## DATA EXTRACT
++++++++
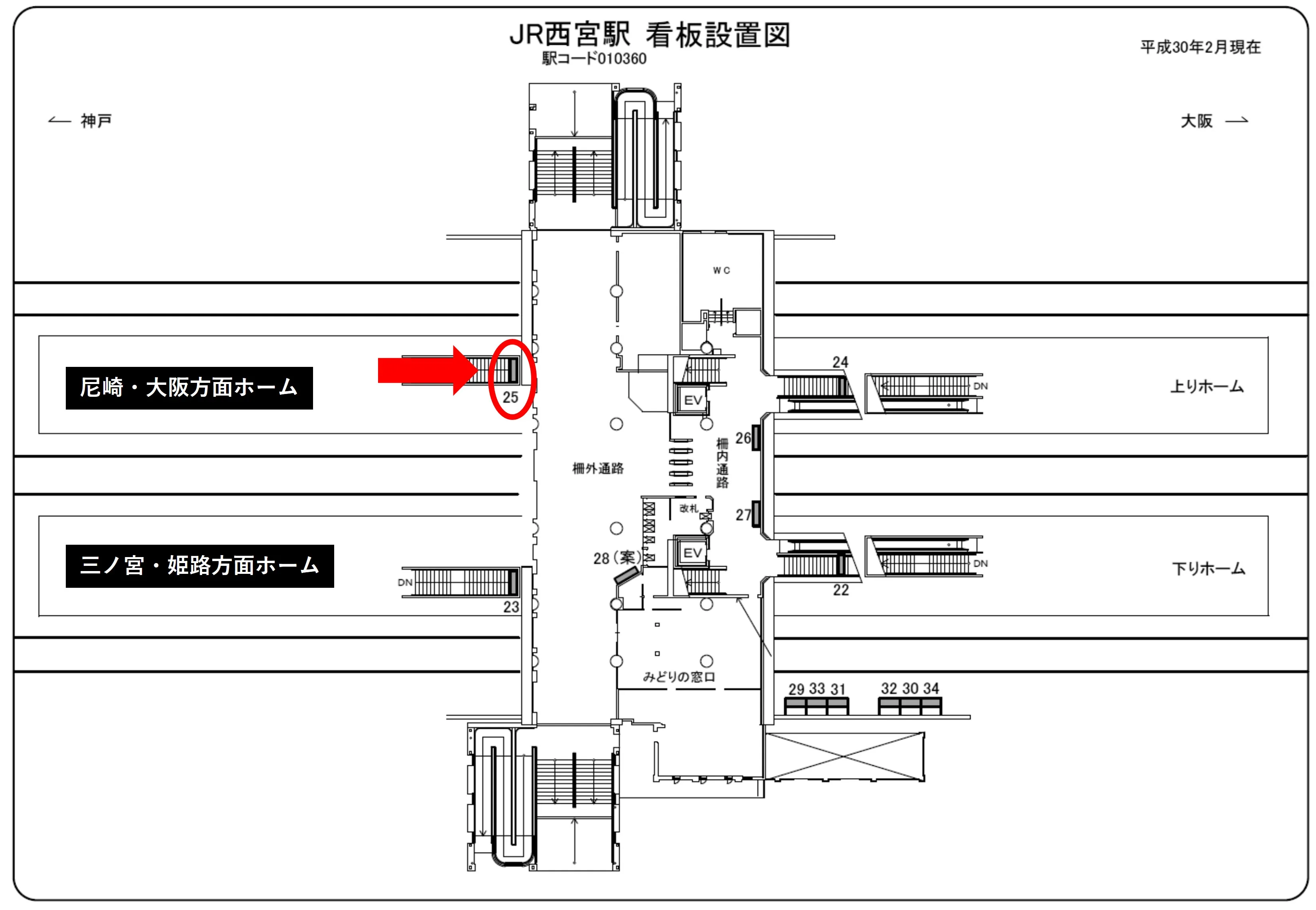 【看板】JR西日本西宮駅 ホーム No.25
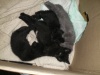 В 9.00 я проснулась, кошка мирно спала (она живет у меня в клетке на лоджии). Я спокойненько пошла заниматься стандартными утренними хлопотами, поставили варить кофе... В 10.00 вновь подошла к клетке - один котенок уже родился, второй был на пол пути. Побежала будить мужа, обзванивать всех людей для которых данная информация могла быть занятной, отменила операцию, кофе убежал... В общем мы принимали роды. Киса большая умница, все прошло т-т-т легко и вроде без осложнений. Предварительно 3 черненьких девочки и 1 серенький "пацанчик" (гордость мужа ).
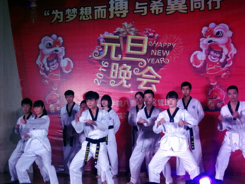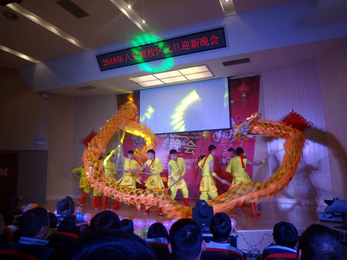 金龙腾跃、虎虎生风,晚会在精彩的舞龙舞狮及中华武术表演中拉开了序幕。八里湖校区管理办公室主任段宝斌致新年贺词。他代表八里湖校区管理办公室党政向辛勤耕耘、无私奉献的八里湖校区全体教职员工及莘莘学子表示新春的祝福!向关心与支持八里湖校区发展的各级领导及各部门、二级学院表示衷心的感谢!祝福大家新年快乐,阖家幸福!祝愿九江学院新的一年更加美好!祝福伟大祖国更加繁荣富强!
++++++++
Your answer must be the full listing, reproduced word for word, without its pictures.

 【看板】JR西日本西宮駅 ホーム No.25
 В 9.00 я проснулась, кошка мирно спала (она живет у меня в клетке на лоджии). Я спокойненько пошла заниматься стандартными утренними хлопотами, поставили варить кофе... В 10.00 вновь подошла к клетке - один котенок уже родился, второй был на пол пути. Побежала будить мужа, обзванивать всех людей для которых данная информация могла быть занятной, отменила операцию, кофе убежал... В общем мы принимали роды. Киса большая умница, все прошло т-т-т легко и вроде без осложнений. Предварительно 3 черненьких девочки и 1 серенький "пацанчик" (гордость мужа ).
 金龙腾跃、虎虎生风,晚会在精彩的舞龙舞狮及中华武术表演中拉开了序幕。八里湖校区管理办公室主任段宝斌致新年贺词。他代表八里湖校区管理办公室党政向辛勤耕耘、无私奉献的八里湖校区全体教职员工及莘莘学子表示新春的祝福!向关心与支持八里湖校区发展的各级领导及各部门、二级学院表示衷心的感谢!祝福大家新年快乐,阖家幸福!祝愿九江学院新的一年更加美好!祝福伟大祖国更加繁荣富强!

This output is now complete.